И как в сказках народных, как у Моро, эти видения движутся в обстановке, нарисованной с изумительной яркостью, определенностью, точностью. Поразительна масса вещей, деталей, наполняющих его произведения, выдержанных в стиле самых разнообразных эпох, его знание техники разных профессий. В Швобе высоко развита «любовь к вещам», свойство редкое и характеризующее людей с большой эстетической культурой. Эти вещи у него иногда живут своей мистической жизнью (как в простых сказках): укажем хоть бы на страницы, посвященные «бегству Монеллы», или на средневековый город в «Звезде». Этот богатый декоративный фон в гармоническом контрасте с выступающими на нем образами создает особую прелесть, законченное совершенство его сказок. Отметим еще, что этот фон часто тоже совсем иллюзорен и создается воображением героев (напр. «Мечтательница», «Разочарованная», «Услышанная» — в «Книге Монеллы»), но эффект остается тот же, как род оптического обмана. Вообще, у Швоба часто трудно определить источник чудесного: субъективно-психологический ли — его героев, или объективно-эпический. Реальность с чудесным у него нераздельно слита.

Мы в смущении, желая охарактеризовать стиль Швоба. Это стиль единственный и своеобразный и в то же время до неузнаваемости похожий на десятки других стилей. В этом писателе необычно развиты страсть и способность ассимилироваться. Как он сумел в каждом рассказе воссоздать дух, чувства, обстановку эпохи, места и личностей, так он владел с полной свободой языком и стилем всех эпох, общественных положений и авторов.[6]. Среди его рассказов вы встретите написанные чистым воровским жаргоном, чистым бретонским наречием, языком бродяг 15-го столетия; его «Мимы»[7], переведенные на греческий язык и найденные при раскопках, наверно, сочтены были бы Академией за драгоценную античную находку; «Крестовый поход» и множество других рассказов дают понятие о том, как меняется его стиль с людьми: от детского лепета до папской старческой торжественности (и то, какая разница между двумя папами). Мало того, есть среди его рассказов до неузнаваемости выдержанные в стиле Диккенса, Марка Твена и Эдгара По, и Флобер не отказался бы признать «Царя в золотой маске» за свое произведение. И все же в этом стиле есть что-то почти неуловимое, свойственное самому Швобу. Нам кажется, что это — лиризм, иногда нежно-грустный, любовный, иногда чуть-чуть иронический, выраженный не в словах, а в самом тоне рассказа, в его ритме и, повторяем, едва уловимый, но доминирующий над чужими стилями. И еще — музыкальная, иногда библейская ритмичность, свободная, не окостенелая в размеренных, определенных формах.

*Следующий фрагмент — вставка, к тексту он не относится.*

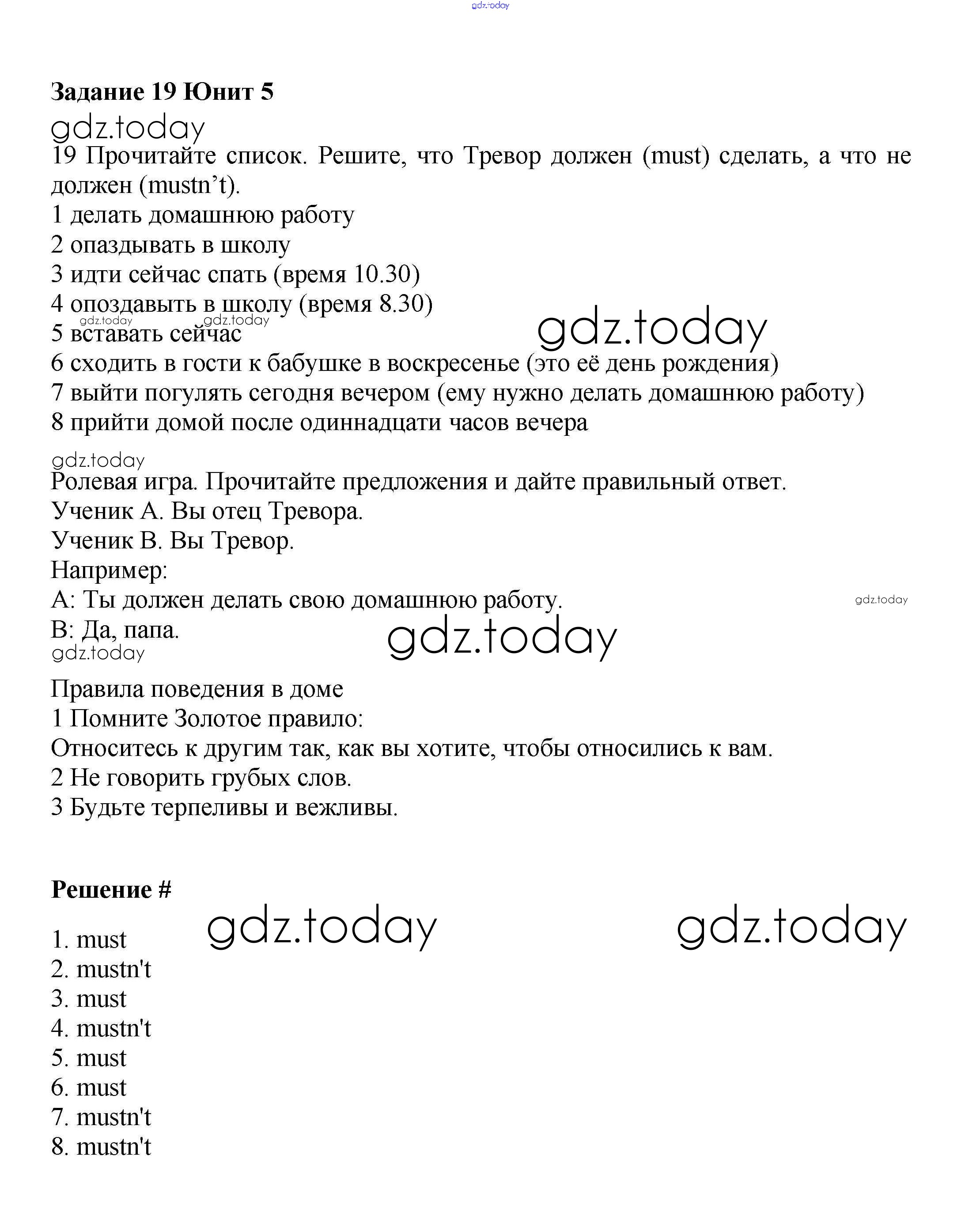 На страницах сайта gdz.today вы найдете учебный и вспомогательный материал, направленный на улучшения знаний школьной программы. ГДЗ - онлайн мир знаний Решение к Unit 5. School activities Часть 1 19 Учебнику по Английскому языку для 7 класса Вербицкая, Гаярделли Вентана-граф Forward 2017

Творчество Швоба — сознательное. Оно сознательно, потому что он отдает себе отчет в архитектуре своих произведений, хоть они кажутся без- отчетными мечтаниями. В них всегда есть строгая, выдержанная, внешняя и внутренняя симметрия. В них есть внутренний «кризис». Так в «Мимах» бьющая через край эллинская жизнерадостность сталкивается с загадкою смерти и переходит в тихий глубокий пессимизм, и связующим центральным звеном служит любовь; и эпилог возвращается к прологу. Так в «Крестовом походе» детская вера и чистота сталкивается с ужасом жизни и неверием; и на всем его протяжении эта удивительная тревожная борьба между всей торжественной властью и трезвостью мира и беспомощностью наивных детских грез; внутренняя борьба, которой сценой служит весь мир от французских полей до багдадских минаретов, от ватиканской тиары до бродячего послушника, кончающаяся аккордом всепрощения и забвения; папа Григорий — папа Иннокентий, бродячий клерк — турецкий дервиш, беснующийся, мстительный белый прокаженный и тихий, белый ребенок не от мира сего; море и папа; множество симметрических комбинаций, взаимно переплетающихся; ряд живых зеркал, взаимно отражающихся. Так в «Звезде» восторженная мечта Алена одна против загадочности мира, против сухих мудрствований астролога, против ужаса пожара.

Творчество Швоба сознательно и потому, что в нем он проводит ряд отвлеченных идей о жизни, хотя кажется иногда, что его интересует только эстетическая сторона, что он творит «искусство для искусства».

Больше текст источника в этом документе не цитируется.